There are a surprising number of dog owners who aren’t aware of the functional anatomy of their pet’s reproductive system. This was common to a lot of my friends, accompanied by horror stories of having to explain exactly what that ‘white stuff’ coming out of their dog’s nether regions was. I remember a specific call from a distressed lady one evening when I was last on call, her dog had managed to tie with a teddy bear and it took all my professionalism to keep a straight face and calm voice during the phone call.

The ring tone of the on-call phone will haunt you. At a friend’s for dinner? In a shop? Not even at work today? Don't worry! Hearing anyone else with the same ring tone will give you the fear, and a sickly feeling that only the thought of an under-supervised emergency in the middle of the night can. This one submitted by Zoë is one that I can definitely relate to. Fortunately our on call phone is an ancient Nokia so it’s uncommon to hear that familiar Nokia ring anymore. But one morning after a night on call I mistook birdsong for the on call phone ringing... I think I definitely needed my bed!

Clients will hang onto every word you say. It gets some getting used to being the expert in the room, even when you’re quite clearly an incompetent new grad that barely can tell one end of a hamster from another. As my pal Lucie said, “Sometimes I don’t even believe what I’m saying, I have no idea why they do”

You will obsess about your consults. That kitten with an eye ulcer did not come back for its check-up, hope that means it’s better... but you secretly fear it’s died. The cat with weight loss... did it have lymphoma? You didn’t even think about it at the time! And that horse which you were quite confident had a spasmodic colic... perhaps you should have passed a nasogastric tube just to be safe... Should you phone the owners just in case...? An itchy donkey is in your diary so you spend an hour with all the dermatology textbooks you can find in your practice only to realise there is nothing helpful so seriously considering going online and buying an equine dermatology book for yourself.

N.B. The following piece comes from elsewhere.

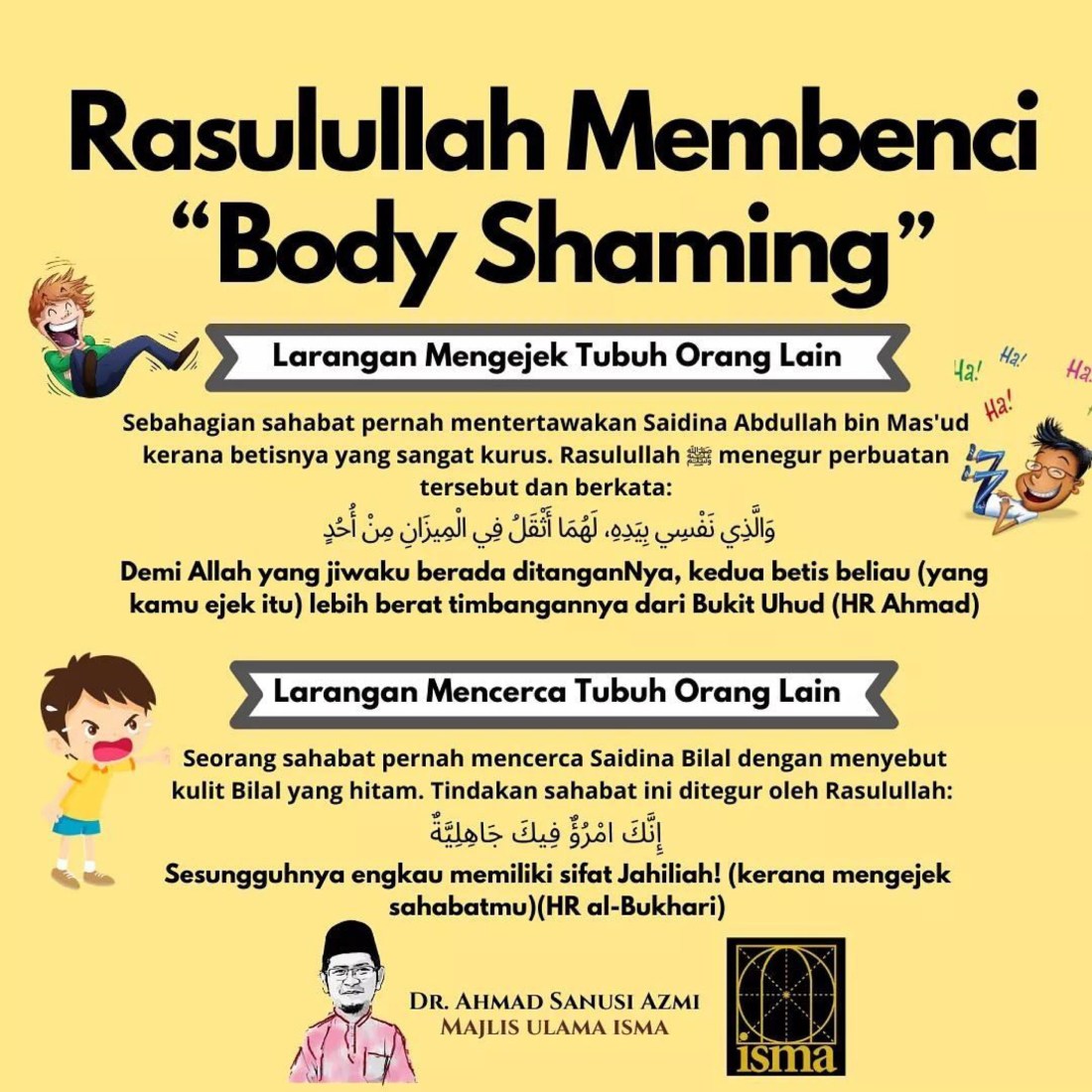 1. Telah tersebar video seorang wanita mencerca dan mengeluarkan kata-kata kesat sehingga menghina tubuh wanita yang lain (body shaming). Sebarang perbuatan menyakiti manusia lain adalah ditegah dalam Islam.

The nurses are your best friends. To be fair, this is heavily emphasised at vet school, but it really is true! I try to keep the nurses I work with sweet with a continual offering of freshly baked cakes. Nurses make your life so much easier and efficient; and nothing grounds you more quickly than when your nurse gives you a stern look and tells you in no uncertain way to get your shit together when you have changed your treatment plan for an inpatient three times since it’s been admitted.

Speaking of cakes, my friend Alice is working down under in New Zealand and her submission is: Nothing prepares you for the weight you’ll gain eating all the tea and cake on offer. It’s only the small fact that cows scare me that is stopping me from joining her!